How to Approach Problems?
What became apparent in my first real job, which is both a strength and a weakness is I don’t like convention—I like the big picture. Banking was extremely process oriented and rooted in convention, in addition to requiring granular attention to detail for things that I often that were de minimus. It’s interesting, if you ask someone who works in banking at another company, their day-to-day always almost completely reflects yours—managing trackers, making profiles, etc. The industry is mature and quite set in its ways. There was a lot that I learned from it, but I have always been someone who tries to fully understand every angle, possibility, the essence of a problem and think through the best way forward, then executing. The thing that constantly hurt me was having certain boxes I needed to check without anyone really questioning or understanding why we were checking them, and then having to execute quickly constantly, without having much time to question the process. I never liked school for this reason, and it felt like my first job was to do homework professionally.

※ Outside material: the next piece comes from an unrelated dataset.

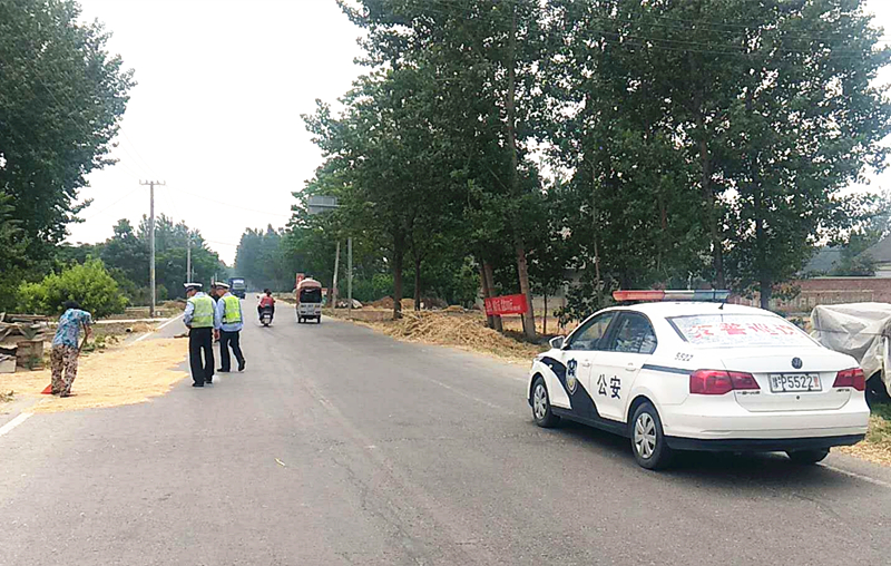 郸城交警路查中队通过优化勤务模式,科学安排巡逻执勤班次,加大对辖区道路动态巡逻监控,把管理重点由国省道向县乡道路延伸,对违法行为突出的路段开展专项整治行动。积极协调当地村委会将禁止占用道路打场晒粮这一问题列入工作议事日程,召开专门会议进行安排部署,逐级明确责任层层抓好,提早解决好农民打场晒粮的场地,坚决杜绝占用道路打场晒粮,郸城交警还通过微博、微信公众平台、悬挂标语等形式,广泛宣传禁止占用道路打场晒粮的规定,以及打场晒粮带来的危害,确保群众和驾驶人出行平安。

I have been increasingly changing my view of the world to one of nuance. Maybe partly due to growing up with multiple choice questions, I had begun to believe the world had answers and they were determinate. The earth is a giant ball of confusion, and it is an infinitely multi-dimensional gradient.
This is of course a super hard way to conceptualize problems, but that’s exactly how they all work. Problems are faced with multiple input variables, multiple output variables, entropy, irrationality, non-linearity, etc. Now, instead of picking a heuristic, I try to identify multiple opposing modes of thought and wrestle on the gradient between them. I try to question convention. Don’t listen to convention. Color outside the lines. They’re often set arbitrarily.

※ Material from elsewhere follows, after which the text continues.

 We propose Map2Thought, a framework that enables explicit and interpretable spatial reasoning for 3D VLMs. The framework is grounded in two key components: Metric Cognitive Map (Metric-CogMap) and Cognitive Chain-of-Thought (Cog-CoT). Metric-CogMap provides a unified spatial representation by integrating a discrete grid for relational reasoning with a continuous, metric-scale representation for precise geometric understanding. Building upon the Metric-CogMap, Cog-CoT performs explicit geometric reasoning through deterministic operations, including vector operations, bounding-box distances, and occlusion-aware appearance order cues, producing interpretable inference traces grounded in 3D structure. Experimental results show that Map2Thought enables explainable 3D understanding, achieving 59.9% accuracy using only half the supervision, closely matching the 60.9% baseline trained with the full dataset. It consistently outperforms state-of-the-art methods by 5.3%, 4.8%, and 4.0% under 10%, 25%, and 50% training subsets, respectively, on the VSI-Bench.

For instance, the heuristic I previously mentioned has two takes: (1) the customer is always right and (2) if Ford asked a customer for what they wanted they would have said faster horses.
(1) Some say the idea doesn’t matter and startups are about execution, but (2) of course the idea matters because there are constraints and different sized pockets of value that may never work.
We shouldn’t defer to optimism or pessimism; we should be both a hardcore optimist and pessimist and constantly wrestle between the two. We shouldn’t be an insider or an outsider, both have advantages at different times. We shouldn’t be either creative or purely executive, we should wander between the two, there are times for both.
There are many permutations of the above. We must recognize them, like different lines of play in chess, and see as far out as reasonable possible. There are heuristics that help us approach uncertainty, but we shouldn’t rely on them. I hope to live my life not choosing binary modes of action, but by seeing n variables of the spectrum and strategically straddling the line, finding the global point of maximization.
I don’t actually know where I was going with this or if I characterized it well.
Great piece! Nuance is very important, but make sure not to slip into philosophical pragmatism.